*** RECORDS TO PROCESS

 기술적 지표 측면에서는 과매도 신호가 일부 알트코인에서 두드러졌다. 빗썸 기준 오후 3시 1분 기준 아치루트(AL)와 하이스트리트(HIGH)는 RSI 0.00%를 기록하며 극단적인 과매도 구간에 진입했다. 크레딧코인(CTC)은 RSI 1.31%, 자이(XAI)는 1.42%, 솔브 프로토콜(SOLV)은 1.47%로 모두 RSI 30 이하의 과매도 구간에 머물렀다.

******
*** RECORDS TO PROCESS

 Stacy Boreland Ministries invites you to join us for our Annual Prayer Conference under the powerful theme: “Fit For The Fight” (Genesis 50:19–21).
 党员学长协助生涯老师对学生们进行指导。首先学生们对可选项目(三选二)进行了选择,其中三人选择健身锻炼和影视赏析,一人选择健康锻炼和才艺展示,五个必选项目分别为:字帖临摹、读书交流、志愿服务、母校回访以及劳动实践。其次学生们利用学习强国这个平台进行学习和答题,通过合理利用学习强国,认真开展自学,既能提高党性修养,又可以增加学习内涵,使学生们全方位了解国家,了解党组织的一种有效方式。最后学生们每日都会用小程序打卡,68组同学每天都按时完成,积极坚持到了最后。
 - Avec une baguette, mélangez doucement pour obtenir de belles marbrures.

******

* [YOUR INSTRUCTIONS] Could you set down, exactly as written, the lines above between the one holding "党员学长协助生涯老师对学生们" and the one holding "- Avec une baguette, mélangez", inclusive, and nothing more?

* [WRITTEN ANSWER]
 党员学长协助生涯老师对学生们进行指导。首先学生们对可选项目(三选二)进行了选择,其中三人选择健身锻炼和影视赏析,一人选择健康锻炼和才艺展示,五个必选项目分别为:字帖临摹、读书交流、志愿服务、母校回访以及劳动实践。其次学生们利用学习强国这个平台进行学习和答题,通过合理利用学习强国,认真开展自学,既能提高党性修养,又可以增加学习内涵,使学生们全方位了解国家,了解党组织的一种有效方式。最后学生们每日都会用小程序打卡,68组同学每天都按时完成,积极坚持到了最后。
 - Avec une baguette, mélangez doucement pour obtenir de belles marbrures.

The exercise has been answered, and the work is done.